I am using dplyr on R and I am trying to filter a tibble which contains transactional data.
The columns of my interest are "Country" and "Sales".
I have a lot of countries and for exploration purposes I want to analyze only the TOP 5 countries with most sales.
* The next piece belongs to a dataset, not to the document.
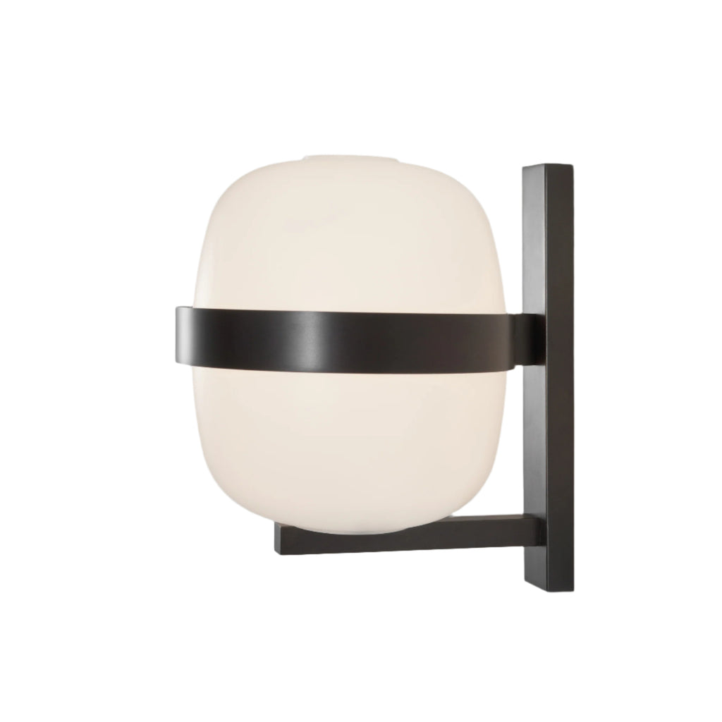 Designed in the same year as the CESTA and CESTITA lamps, this iconic wall lamp from the city of Barcelona has the same opal globe shape and formal elegance. A perfect balance through delicate, understated lighting. The structure to mount the lamp on the wall comprises a metal arm and ring that surround and support the globe. With its delicate, unostentatious light, the Wally wall lamp is perfectly at one with its surroundings.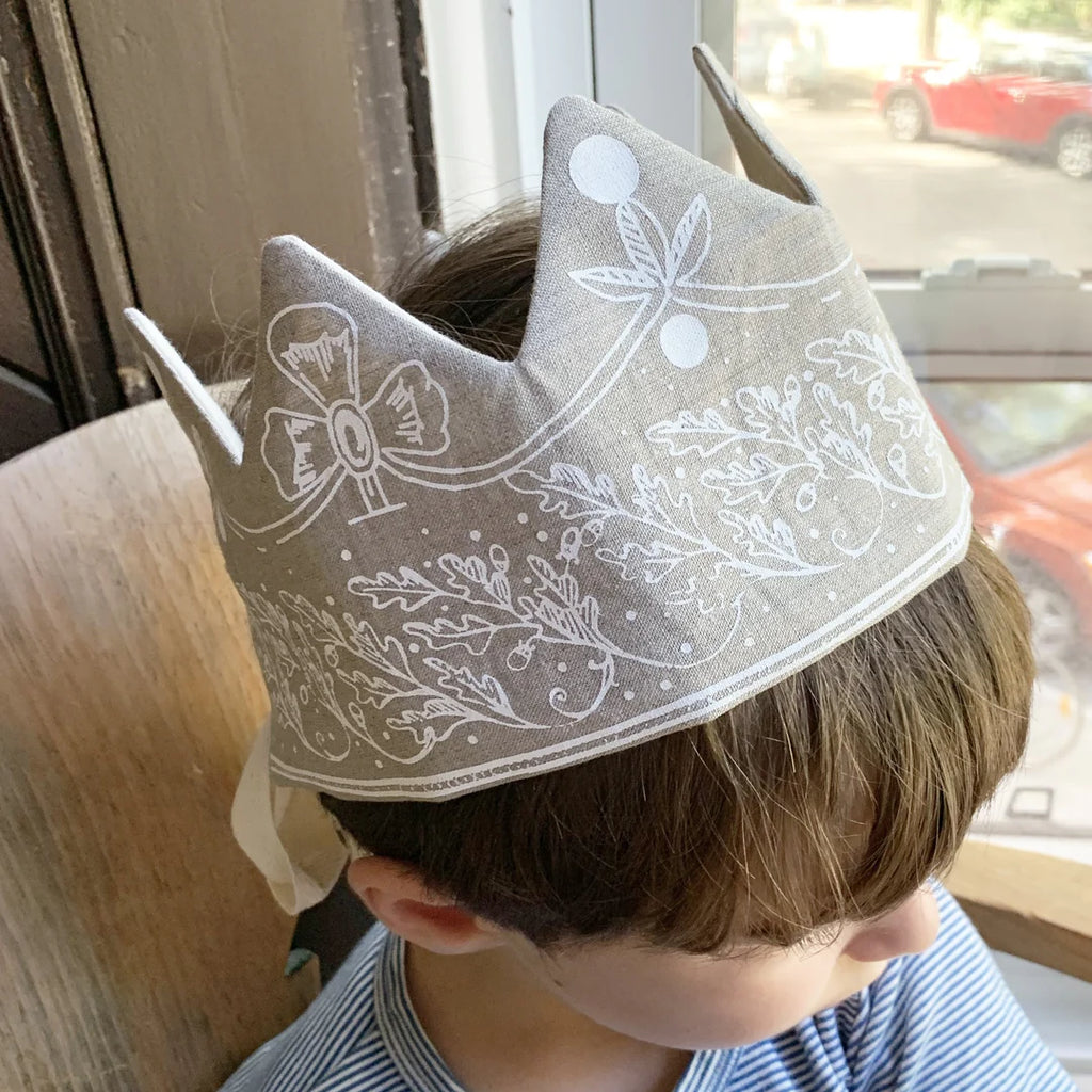 Classic and timeless linen crown. Fits all heads. Attaches with cotton cords.

The trouble here is that if I do some grouping, it will not work for me, as I need all the rows for further analysis purposes (transactional data).
I tried something like:
trans_merch_df %>% group_by(COUNTRY) %>% top_n(n = 5, wt = NET_SLS_AMT)
But it's completely off.
Let's say I have this:
trans_merch_df <- tibble::tribble(~COUNTRY, ~SALE,
'POR', 14,
'POR', 1,
'DEU', 4,
'DEU', 6,
'POL', 8,
'ITA', 1,
'ITA', 1,
'ITA', 1,
'SPA', 1,
'NOR', 50,
'NOR', 10,
'SWE', 42,
'SWE', 1)
The result I am expecting is:
COUNTRY SALE
POR 14
POR 1
DEU 4
DEU 6
POL 8
NOR 50
NOR 10
SWE 42
SWE 1
As ITA and SPA are not in the TOP 5 of sales.
Thanks a lot in advance.
Cheers!
A different dplyr
possibility could be:
df %>%
add_count(COUNTRY, wt = SALE) %>%
mutate(n = dense_rank(desc(n))) %>%
filter(n %in% 1:5) %>%
select(-n)
COUNTRY SALE
<chr> <int>
1 POR 14
2 POR 1
3 DEU 4
4 DEU 6
5 POL 8
6 NOR 50
7 NOR 10
8 SWE 42
9 SWE 1
Or even more concise:
df %>%
add_count(COUNTRY, wt = SALE) %>%
filter(dense_rank(desc(n)) %in% 1:5) %>%
select(-n)